Would you output the lines from the one with "店铺的规模和楼层是相对应的,如果建立一幢" through the last line of the material below, exactly, but without pictures?

> **Data shown**
• • • • • • •

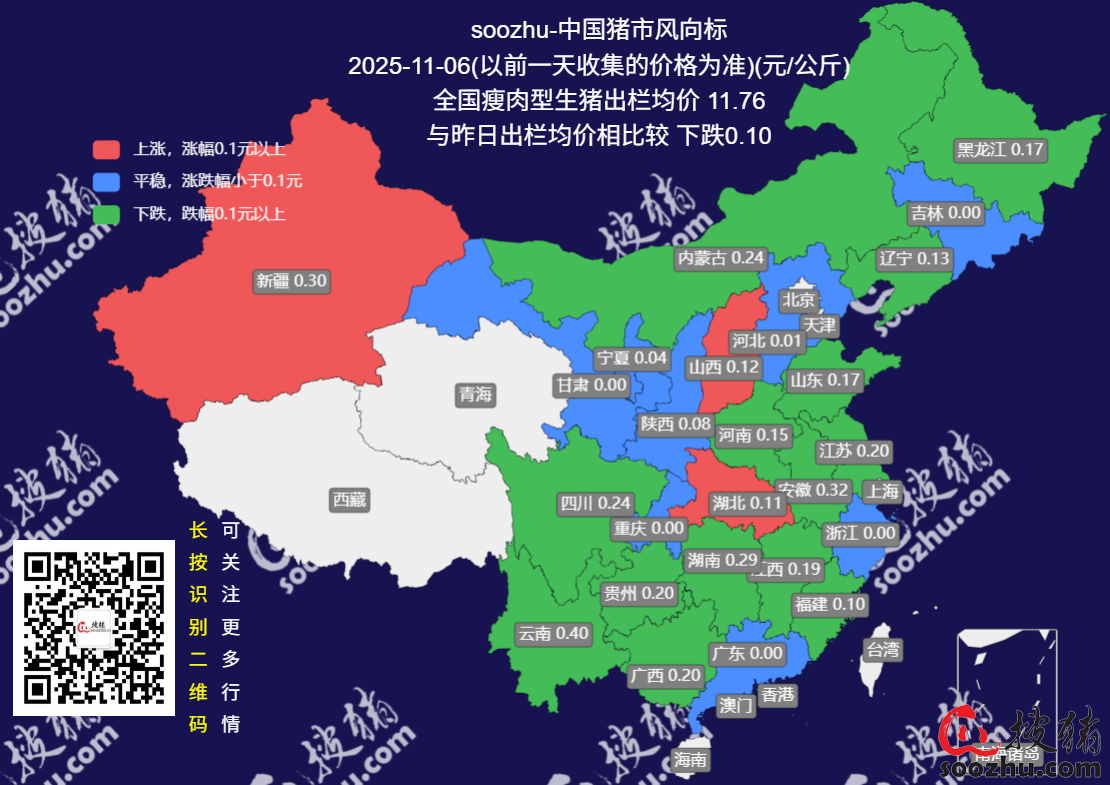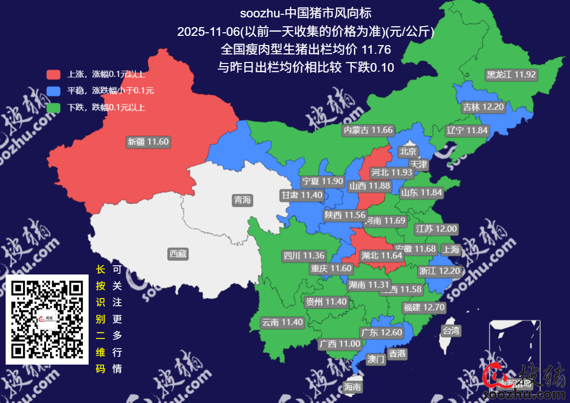 11月6日评:今日全国瘦肉型猪出栏均价11.76元/公斤
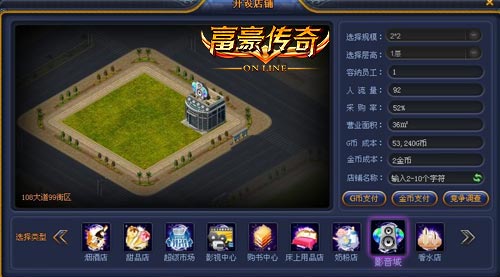 店铺的规模和楼层是相对应的,如果建立一幢2*2的规模的建筑那只能把店铺建成2层。每种大小的建筑所带来的容量员工数、人流量都是不同的。当然开的店铺越大,所需的建设成本也就越高,带来的收益自然也就越多。
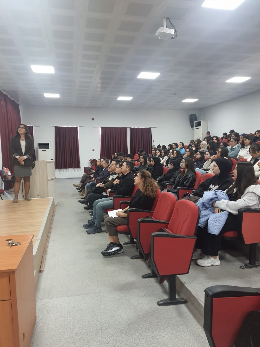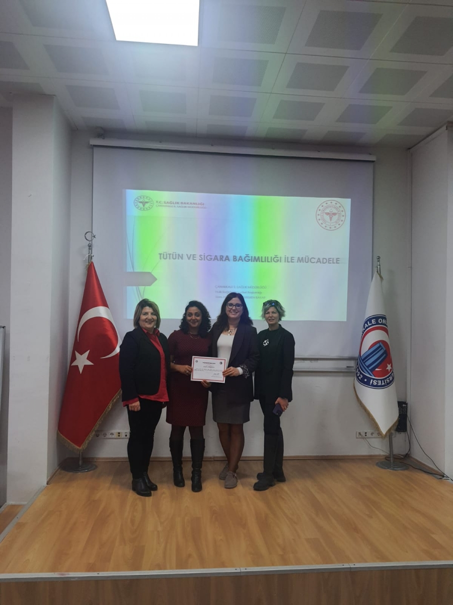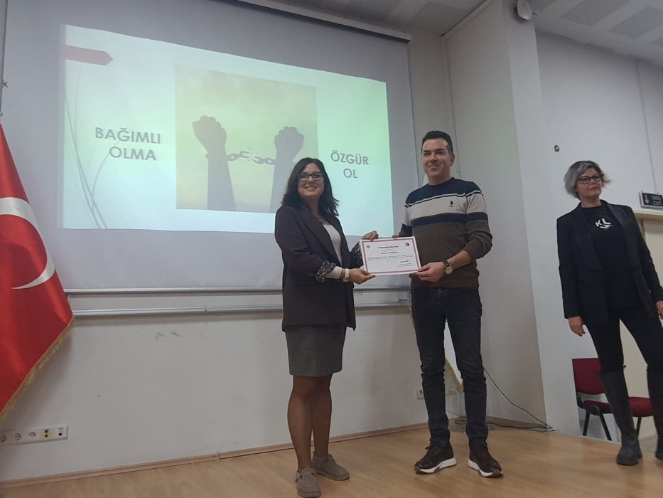 Okulumuz konferans salonunda 1.12.2025 Pazartesi günü saat 11.00’da Çanakkale Halk Sağlığı Müdürlüğü, Çevre Sağlığı Biriminden Sayın Rabia TÜRKMEN BAYAR tarafından “Tütün ve Sigara Bağımlılığı” semineri gerçekleştirildi. Öğrencilerimizin ve öğretim elemanlarımızın yoğun ilgi gösterdiği konferansta tütün kullanımının sağlık üzerindeki olumsuz etkileri, bağımlılık mekanizması, pasif içicilik ve bırakma yöntemleri konusunda kapsamlı bilgilendirme yapıldı. Öğrenciler bu konudaki bilgi ve farkındalıklarının artmasından dolayı memnuniyetlerini ifade ettiler.

• • • • • • •

> **Solution to this problem**
 店铺的规模和楼层是相对应的,如果建立一幢2*2的规模的建筑那只能把店铺建成2层。每种大小的建筑所带来的容量员工数、人流量都是不同的。当然开的店铺越大,所需的建设成本也就越高,带来的收益自然也就越多。
 Okulumuz konferans salonunda 1.12.2025 Pazartesi günü saat 11.00’da Çanakkale Halk Sağlığı Müdürlüğü, Çevre Sağlığı Biriminden Sayın Rabia TÜRKMEN BAYAR tarafından “Tütün ve Sigara Bağımlılığı” semineri gerçekleştirildi. Öğrencilerimizin ve öğretim elemanlarımızın yoğun ilgi gösterdiği konferansta tütün kullanımının sağlık üzerindeki olumsuz etkileri, bağımlılık mekanizması, pasif içicilik ve bırakma yöntemleri konusunda kapsamlı bilgilendirme yapıldı. Öğrenciler bu konudaki bilgi ve farkındalıklarının artmasından dolayı memnuniyetlerini ifade ettiler.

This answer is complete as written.